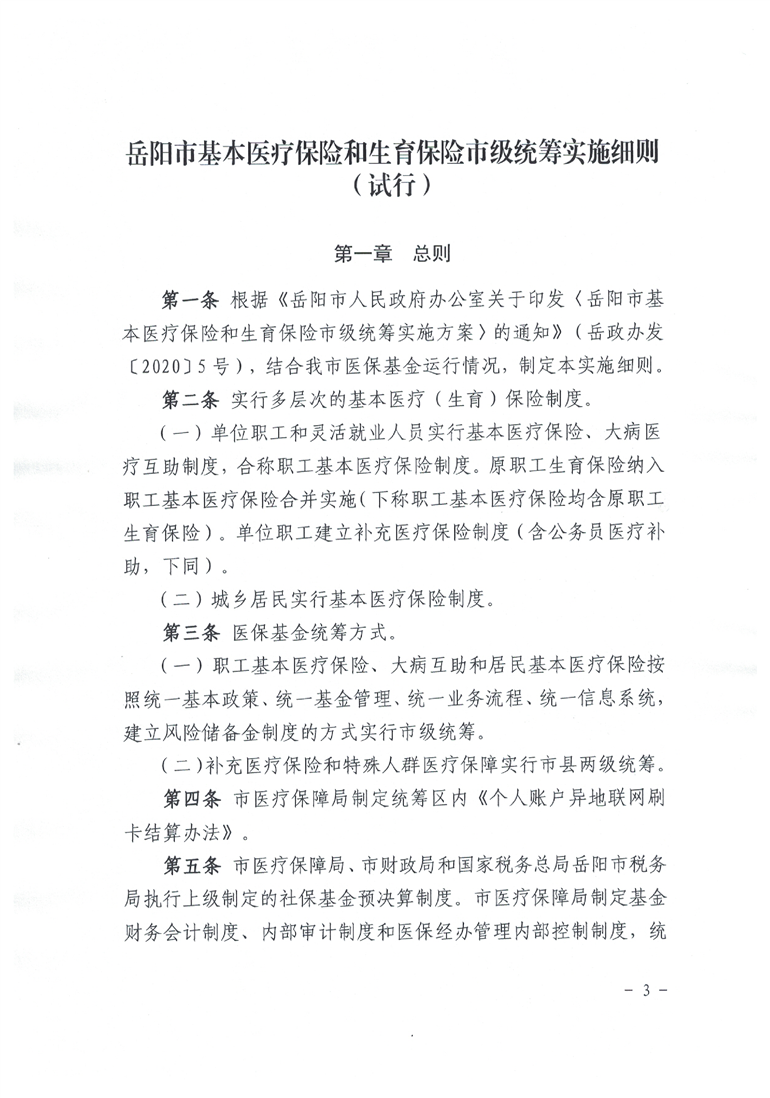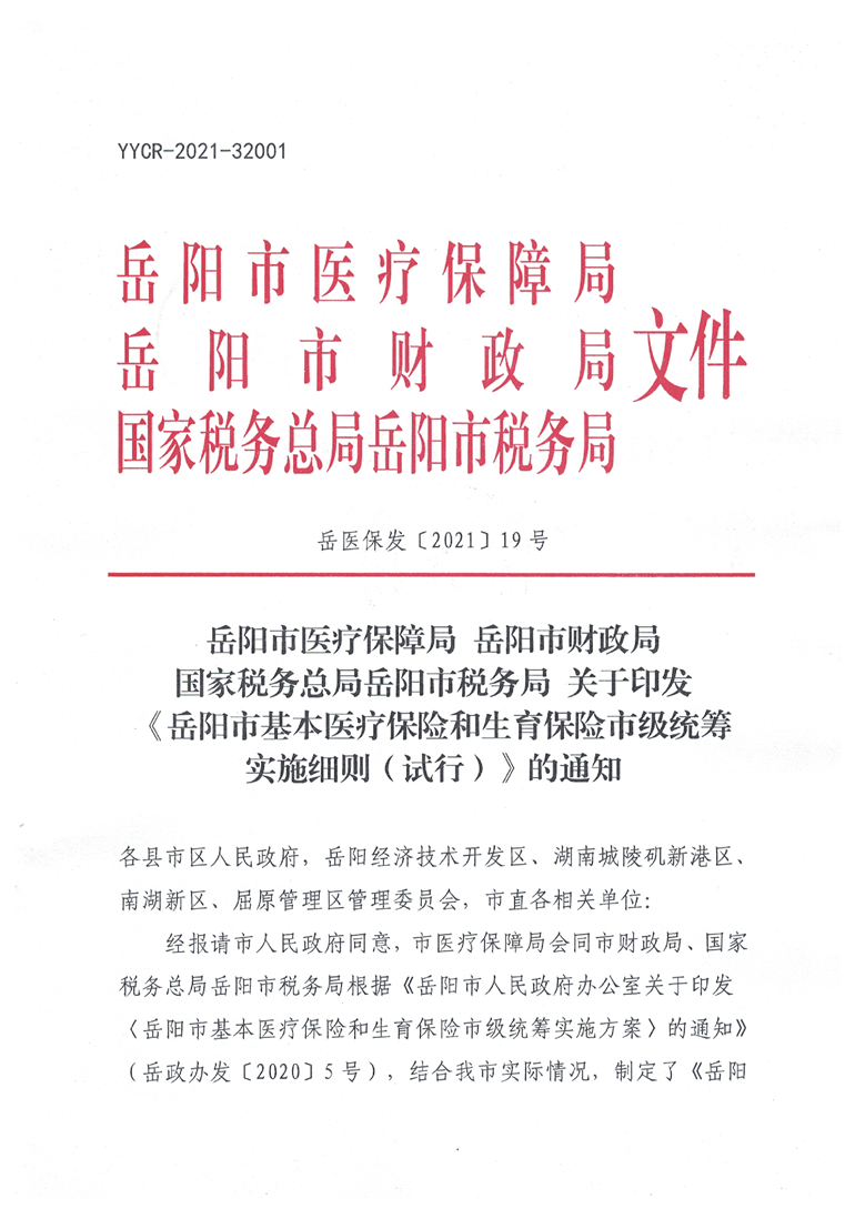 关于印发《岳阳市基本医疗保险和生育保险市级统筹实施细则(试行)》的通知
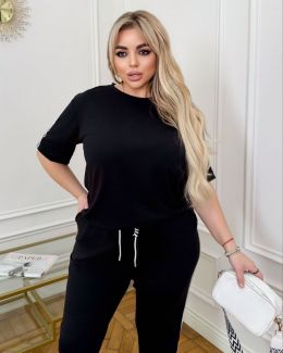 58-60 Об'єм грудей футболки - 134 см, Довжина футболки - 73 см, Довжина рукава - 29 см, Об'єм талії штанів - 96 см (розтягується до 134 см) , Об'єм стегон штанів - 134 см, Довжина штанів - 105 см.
---
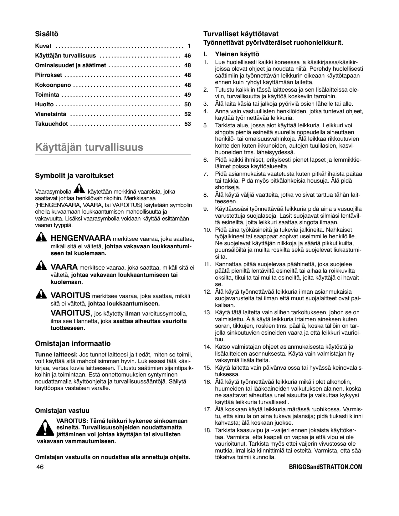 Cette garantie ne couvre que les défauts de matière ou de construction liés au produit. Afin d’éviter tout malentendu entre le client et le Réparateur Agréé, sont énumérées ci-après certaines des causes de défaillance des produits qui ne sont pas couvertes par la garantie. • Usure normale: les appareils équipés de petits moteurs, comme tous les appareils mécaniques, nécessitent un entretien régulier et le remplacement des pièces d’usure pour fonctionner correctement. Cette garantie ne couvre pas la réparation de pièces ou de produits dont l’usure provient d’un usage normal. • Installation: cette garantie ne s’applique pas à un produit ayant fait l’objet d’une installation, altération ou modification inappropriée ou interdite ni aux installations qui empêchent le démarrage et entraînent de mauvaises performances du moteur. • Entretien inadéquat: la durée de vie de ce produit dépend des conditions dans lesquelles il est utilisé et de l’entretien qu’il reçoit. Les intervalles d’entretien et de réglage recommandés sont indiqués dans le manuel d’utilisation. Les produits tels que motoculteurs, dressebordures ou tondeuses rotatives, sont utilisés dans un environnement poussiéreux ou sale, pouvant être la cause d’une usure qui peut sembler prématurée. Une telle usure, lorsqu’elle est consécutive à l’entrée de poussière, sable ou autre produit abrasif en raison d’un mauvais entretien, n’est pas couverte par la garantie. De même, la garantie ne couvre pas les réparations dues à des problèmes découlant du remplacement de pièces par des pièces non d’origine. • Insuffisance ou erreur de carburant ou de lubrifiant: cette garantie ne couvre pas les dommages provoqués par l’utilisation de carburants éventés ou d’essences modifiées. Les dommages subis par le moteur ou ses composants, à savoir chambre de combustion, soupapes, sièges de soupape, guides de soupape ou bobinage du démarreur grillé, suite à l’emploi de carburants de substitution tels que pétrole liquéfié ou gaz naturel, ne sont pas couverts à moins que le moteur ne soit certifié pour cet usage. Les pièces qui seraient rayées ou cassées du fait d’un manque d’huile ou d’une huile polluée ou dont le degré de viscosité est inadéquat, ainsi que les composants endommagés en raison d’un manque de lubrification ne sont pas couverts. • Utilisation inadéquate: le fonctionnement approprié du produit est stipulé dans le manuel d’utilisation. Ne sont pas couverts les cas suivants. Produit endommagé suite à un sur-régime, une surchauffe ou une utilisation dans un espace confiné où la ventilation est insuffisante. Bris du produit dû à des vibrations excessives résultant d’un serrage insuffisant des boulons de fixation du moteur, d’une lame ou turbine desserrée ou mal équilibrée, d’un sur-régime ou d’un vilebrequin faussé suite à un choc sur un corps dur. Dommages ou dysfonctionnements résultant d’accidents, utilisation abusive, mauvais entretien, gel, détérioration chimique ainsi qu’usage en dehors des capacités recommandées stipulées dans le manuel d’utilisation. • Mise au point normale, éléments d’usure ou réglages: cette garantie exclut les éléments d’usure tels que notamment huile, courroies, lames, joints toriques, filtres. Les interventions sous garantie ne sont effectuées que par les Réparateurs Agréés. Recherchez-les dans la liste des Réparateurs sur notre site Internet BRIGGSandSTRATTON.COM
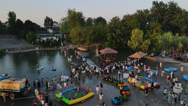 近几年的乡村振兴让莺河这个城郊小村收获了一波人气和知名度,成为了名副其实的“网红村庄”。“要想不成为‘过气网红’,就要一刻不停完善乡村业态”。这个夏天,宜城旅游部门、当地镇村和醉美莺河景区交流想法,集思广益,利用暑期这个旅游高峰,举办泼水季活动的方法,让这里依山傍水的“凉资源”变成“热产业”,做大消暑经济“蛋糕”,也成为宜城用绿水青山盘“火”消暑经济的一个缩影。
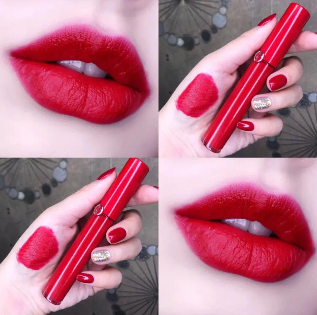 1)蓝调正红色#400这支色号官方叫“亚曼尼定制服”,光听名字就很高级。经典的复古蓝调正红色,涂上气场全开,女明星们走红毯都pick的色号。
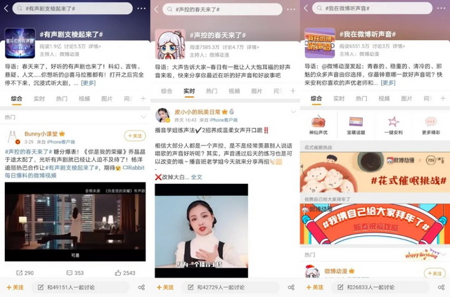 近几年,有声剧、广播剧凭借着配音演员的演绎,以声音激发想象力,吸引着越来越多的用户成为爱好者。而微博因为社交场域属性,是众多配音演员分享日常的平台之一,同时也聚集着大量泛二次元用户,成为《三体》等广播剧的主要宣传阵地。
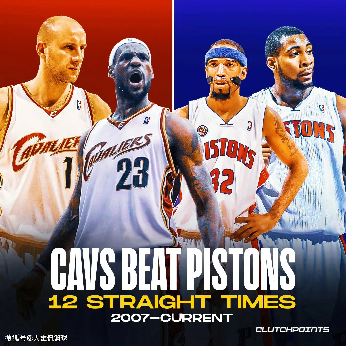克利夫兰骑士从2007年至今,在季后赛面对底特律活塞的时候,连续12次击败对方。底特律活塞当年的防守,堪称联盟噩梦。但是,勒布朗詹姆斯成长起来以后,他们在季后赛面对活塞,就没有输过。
---
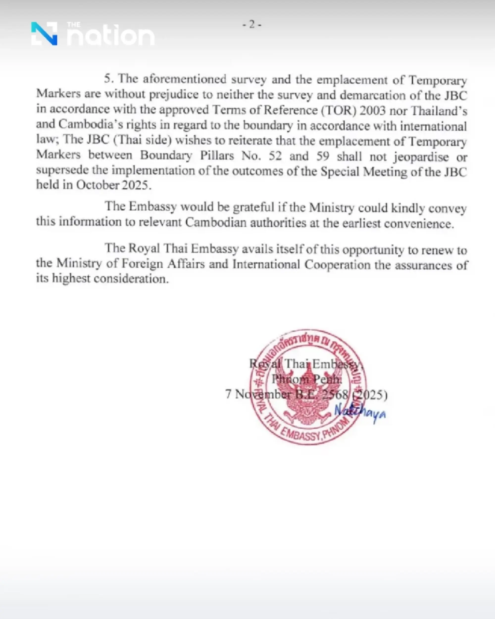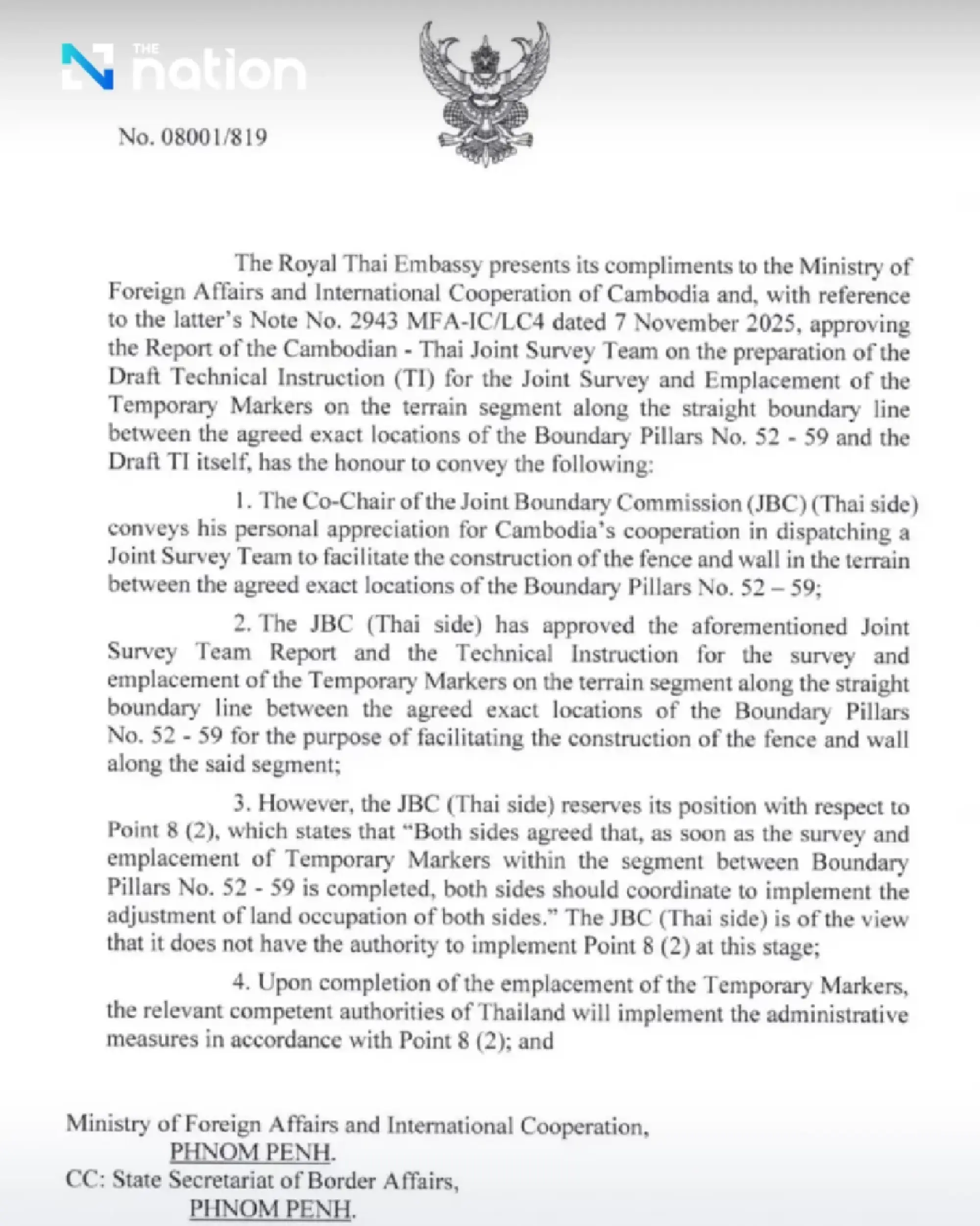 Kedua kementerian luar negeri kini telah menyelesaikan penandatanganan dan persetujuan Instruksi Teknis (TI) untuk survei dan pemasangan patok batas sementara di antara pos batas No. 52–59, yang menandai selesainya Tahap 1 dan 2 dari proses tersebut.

== TASK ITEM ==
What you need to produce is an exact copy of the entries above, limited to the lines from the one with "1)蓝调正红色#400这支色" up to and including the one with "近几年,有声剧、广播剧凭借着", without pictures.

== ANSWER TO THIS PROBLEM ==
 1)蓝调正红色#400这支色号官方叫“亚曼尼定制服”,光听名字就很高级。经典的复古蓝调正红色,涂上气场全开,女明星们走红毯都pick的色号。
 近几年,有声剧、广播剧凭借着配音演员的演绎,以声音激发想象力,吸引着越来越多的用户成为爱好者。而微博因为社交场域属性,是众多配音演员分享日常的平台之一,同时也聚集着大量泛二次元用户,成为《三体》等广播剧的主要宣传阵地。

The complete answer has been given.